The beginning of realism is to acknowledge that the next step in the President's policy -- his promise of "full sovereignty" to Iraq -- is a cosmetic operation. The story of the war has been one of official claims or predictions dissolving upon contact with fact. Let's see how quickly I can run through the over-familiar list: Weapons of mass destruction in Saddam's Iraq? Not there. Iraqi ties with Al Qaeda before the war? Missing. Democracy in Iraq? Drowned in blood at Abu Ghraib. Transformation of the whole Middle East? For the worse.

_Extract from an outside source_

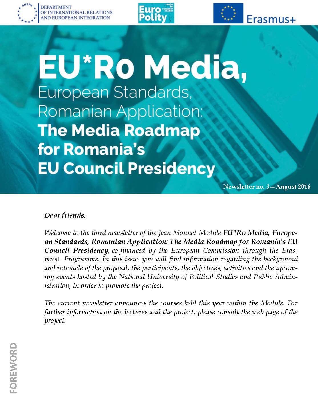 Welcome to the third newsletter of the Jean Monnet Module EU*Ro Media, European Standards, Romanian Application: The Media Roadmap for Romania's EU Council Presidency, co-financed by the European Commission through the Erasmus+ Programme. In this issue you will find information regarding the background and rationale of the proposal, the participants, the objectives, activities and the upcoming events hosted by the National University of Political Studies and Public Administration, in order to promote the project.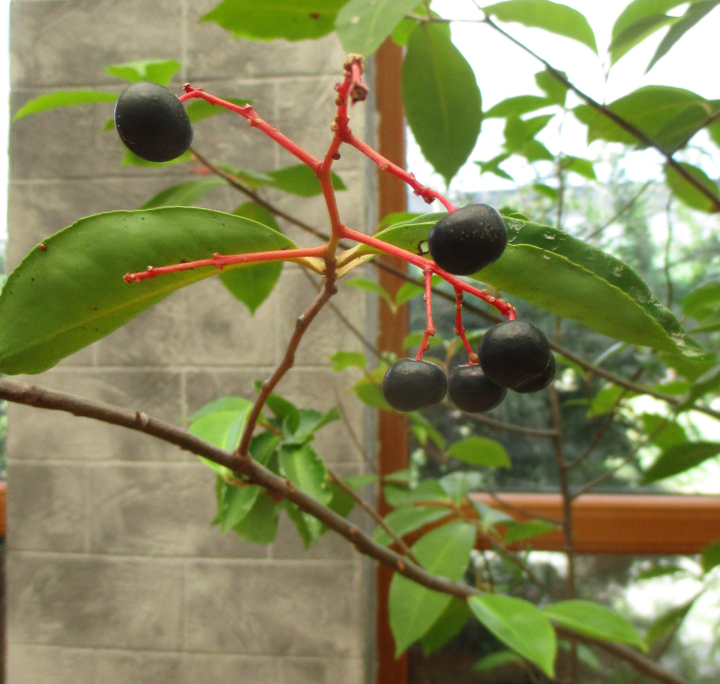 10.6.2023 - první úroda je tady. Plody jsou v plné zralosti černé, menší bobule, které rostou na střapcích. Chuť je velmi dobrá, nejprve lehce kyselá, osvěžující, poté se mění v příjemně nahořklou. Plod obsahuje jedno menší semínko, rostlina je samosprašná.

The promise of "full sovereignty" is the next in this series (coming along just in time to refresh the litany). But in one way it's different. You had to wait some months for the previous mirages to dissipate, but this one is dead before arrival. It is a phrase advanced in the teeth of multiple admissions by the administration itself, which has let it be known that the new "sovereign" will not: possess authority over either American forces or its own; be able to pass legislation; control its own news media; make decisions about the economy of the country. Neither will it enjoy the authority of the "interim constitution" recently promised by Bush but now simply forgotten. Arguably, the new group will possess less authority even than the powerless existing "governing council." "Withdrawal of power" might be a better description than "transfer of power" for what is about to happen -- except that the governing council lacked real power in the first place. As for the election promised in January, this will be as uncertain, once the US election in November is out of way, as the interim constitution turned out to be.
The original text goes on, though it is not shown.